Kıbrıslı Rum İşverenler ve Sendikalar Sektörel Toplu Sözleşme İmzalarken, Sendikalaşmaya Karşı olmak!
Bugün Ada’nın güneyinde turizm sektörüne yönelik toplu sözleşme imzalandı.
Turizm Bakanı “2 milyon turist 2 milyar dolar gelir” açıklaması yaparken, Otelciler Birliği ekonominin motorunu oluşturan turizm sektörüne yönelik “mega projelere” referans verip, kitle turizmi dışındaki tüm modellere yol verirken, işin emek tarafını da konuşalım mı?
Yerli istihdam konusuna dahi girmeyeceğim.
Çünkü, emek piyasasındaki koşullara dair anlayışımız o kadar geriden geliyor ki, sorun olarak belirlediğimiz şeyler bile anlamsız kalıyor.
Konuya geçelim…
Kıbrıs Otelciler Birliği, İşverenler Sendikası ve İşçi Sendikaları turizm sektörüne yönelik kolektif anlaşma imzaladılar.

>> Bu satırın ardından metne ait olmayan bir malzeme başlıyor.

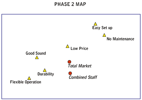 Step 6. The research results are presented to the task force. The Phase 1 map demonstrates to the sales staff that, indeed, they are correct in feeling that a substantial number of consumers demand easy set-up, no maintenance, and low price. The map also shows that, indeed, the technical staff is correct in feeling that a substantial number of consumers want durability, good sound and flexible operations.
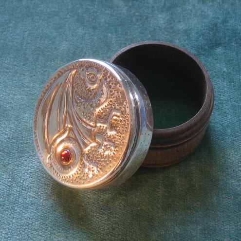 This little rustic wooden box has been transformed with a glittering lid hand-made from lead-free modern pewter,featuring a glowering dragon protecting a precious ruby (actually a foil-backed glass cabochon).It is 55cm in diameter and 40cm high
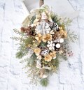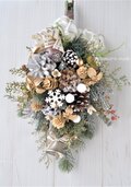 素材:アーティフィシャルフラワ-(造花):コニファー(3種類 一部ラメ付き)・ユーカリ・スノーボール・ゴールドのボール、など。
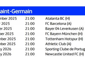 体育资讯08月30日讯 欧足联官方公布欧冠联赛阶段赛程,巴黎首战亚特兰大,第二轮客战巴萨,第五轮对阵拜仁!
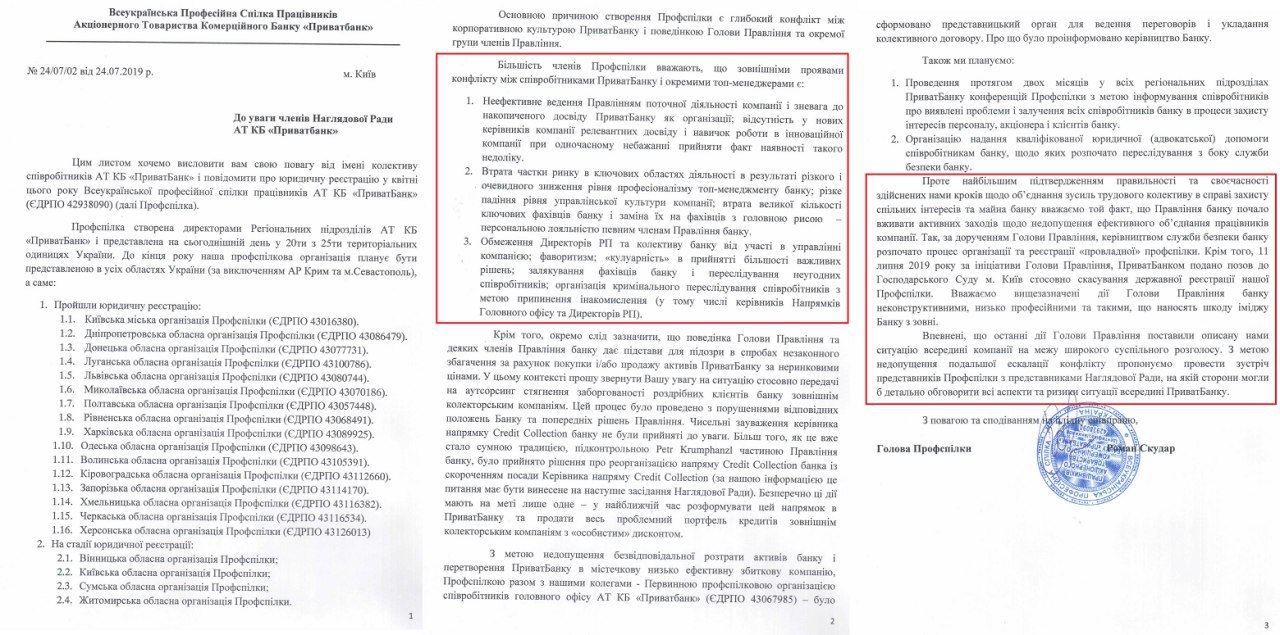 Как мы писали ранее 24 июля 2019 года Наш Профсоюз уведомил так называемый “наблюдательный совет ПриватБанка” о конфликте между трудовым коллективом банка и правлением и о попытках правления растратить/разбазарить активы банка (https://t.me/profprivat/247).
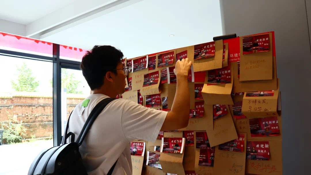 清晨,21级城环研究生迎新报到工作的序幕在淅沥的小雨中悄然拉开。寸阴若岁,崭新的城环新大楼在此刻正静静等待着一张张同样新鲜的面孔的到来。 准备工作 在报到前一天,研究生会各位骨干早已将各类迎新物资准备妥当,并提前进行了接待现场布置与接待流程演练,在保证迎新工作能够顺利、有序、高效完成的同时,力求用最新颖、最有趣的活动带动新生们积极快速地融入到城环大家庭之中。 迎新现场 报到环节 9月6日早上8:30,报到工作正式开始。学院党委副书记张新平老师,团委书记、学工办主任谭卓立老师,团委常务副书记宋宛儒,研究生教务办公室于佳鑫老师以及学工办副主任蔡洪波老师也早早地亲临现场,与大家共同工作,欢迎新生们的到来。新生们在工作人员的指引下有序验证身份、核对报到信息、办理报到手续并领取相关材料,顺利地完成了报到流程。 精彩活动 在本次迎新工作的报到环节,除抽取心愿卡的互动游戏外,学院研究生会骨干们还结合当下时髦的“盲盒”概念与备受大家喜爱的“城小环”形象,别出心裁地设计出了以选取卡套为形式的“盲盒特色任务”,为大家研途生活的开启率先提供了一份小小惊喜。 城环有你,未来可期。新生们手持“我爱城环”、“城环是我永远的家”等具有城环特色的各式标语在迎新背景板前留下了城环研途生活的第一张珍贵影像,并用五颜六色的画笔在一旁书写下对于未来生活的美好期待与向往。 暖心关怀 在迎新过程中,琉璃神社

Tek firma yada bir iş veren değil; tüm sektörü kapsayan bir anlaşma imzaladılar.
Anlaşmadan dolayı sağcı sendika SEK başkanı “Sosyal Diyalog Mekanizması”nı övüp; bunun ne kadar avantajlı bir yöntem olduğunu söyledi. Solcu sendika PEO başkanı ise “istediğimiz her şeyi alamadık ancak sektörün emek boyutu ile ilgili radikal bir dönüşüm yakaladık” dedi. Ardından da şöyle ekledi “Otelcilik sektöründeki işçilere yönelik hükümet ve işverenlerle, sektöre dönük kabul edilebilir bir asgari ücret belirledi.”

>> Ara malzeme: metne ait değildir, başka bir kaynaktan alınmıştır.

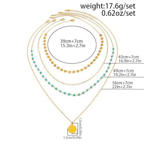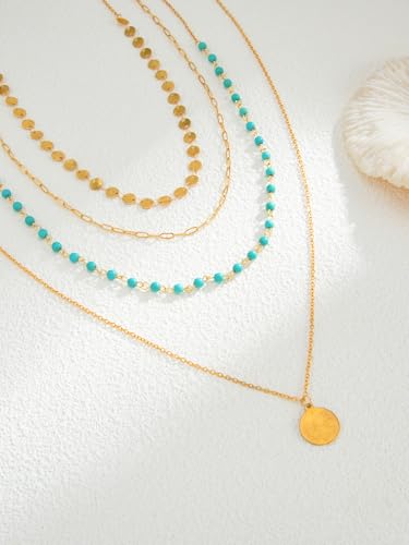 Layered Gold Necklaces for Women Stack Boho Turquoise Western Coin Pendant Necklace Country Concert Beach Fashion Jewelry Gift
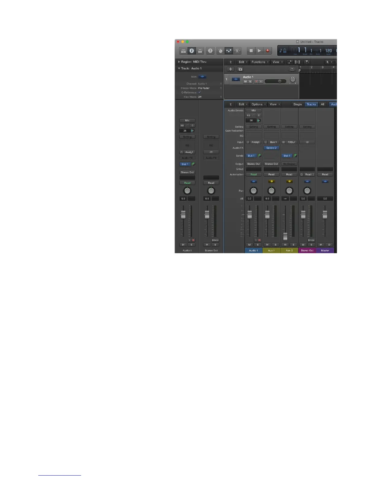 This Audio playback track and Reverb Aux track is mixed in Logic’s Mixer and sent to the Stereo Out, where it arrives in
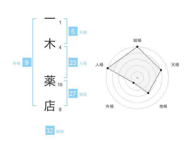 一木 薬店さんの総格は32画の5点!
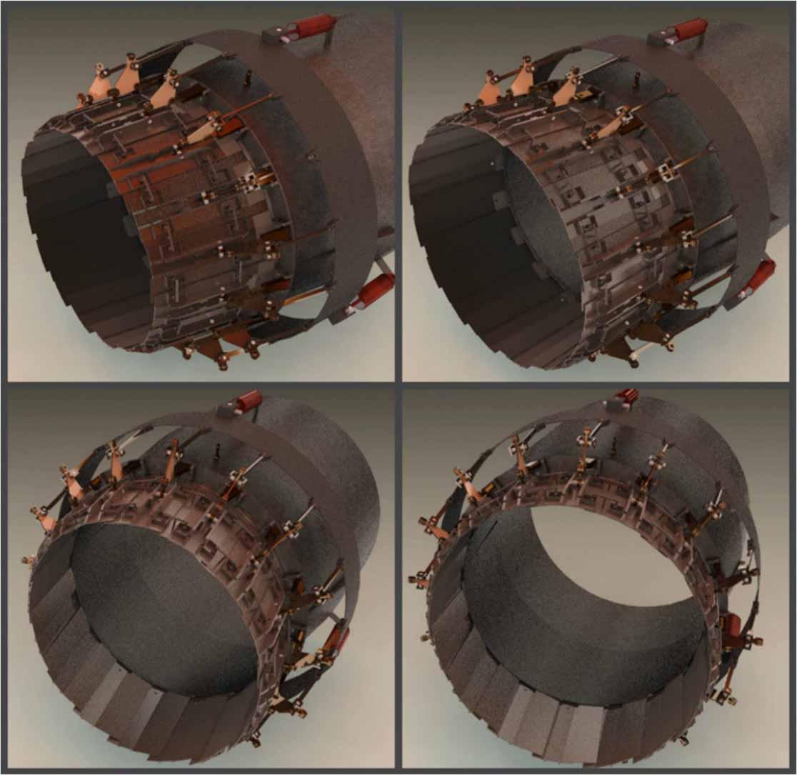 For the subsonic TVC nozzle, the optimal number of flaps was determined to be sixteen. A three-dimensional model incorporating sealing spacers is shown in Fig. 7, which also presents the assembly in four operating positions. In the upper-left view, the nozzle is deflected 8° to the left; in the upper-right view, the nozzle is deflected by the same angle, but the throat diameter is increased by a factor of 1.3. In the lower-left view, the thrust vector is deflected 15° to the right.
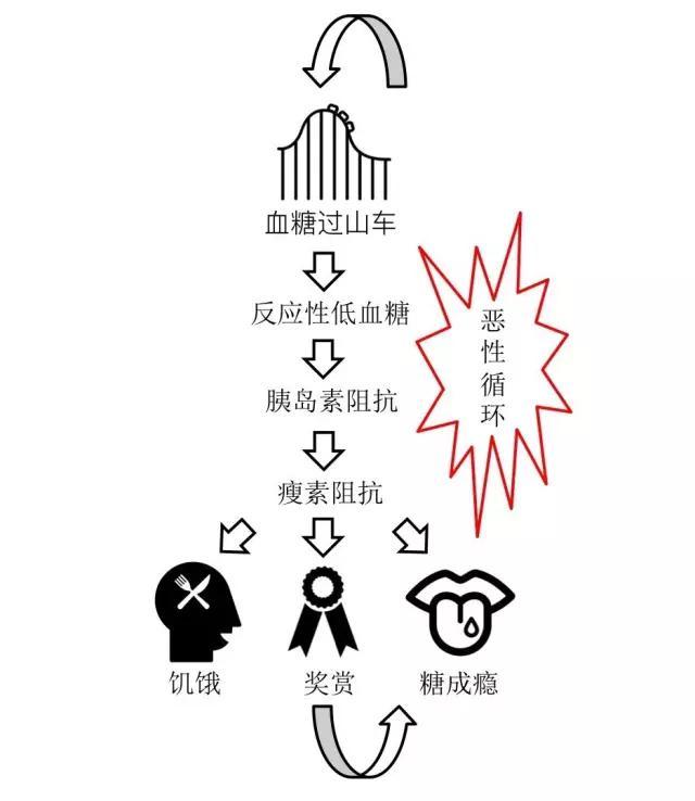 胰岛素阻抗会导致瘦素阻抗。出现瘦素阻抗时,大脑以为身体处于饥饿当中,会形成一种持续的不快乐。恰好血清素带来的幸福感可以暂时取代这种不快乐。“在不快乐中寻找快乐”,这时候人会寻求更多的糖和碳水化合物,糖瘾就是这样形成的。

Sağ ve sol sendikal federasyonlar, hükümet (sağcı DİSİ) ve İşveren örgütü (OEV) arasında Nicosia Hotel’de 2 güne yayılan ve 24 saat süren müzakerelerin ardından işçi tarafının kazanımları sadece kabul edilebilir bir asgari ücret değil aynı zamanda işçilerin haftanın 5 iş günü çalışması, çalışma süresinin 38 saati aşmaması, temel maaş üzerine hayat pahalılığı ödeneği ve ihtiyat sandığı yatırımları da var.
SEK başkanı Matsas iş barışının öneminden bahsederken, toplu sözleşmenin 2 yıl değil 4 yılı kapsamasında da mutabık kaldıklarını söyledi. Şüphesiz bu işverenin ve işçilerin uzun dönemli planlar yapabilmesine de olanak sağlamakta.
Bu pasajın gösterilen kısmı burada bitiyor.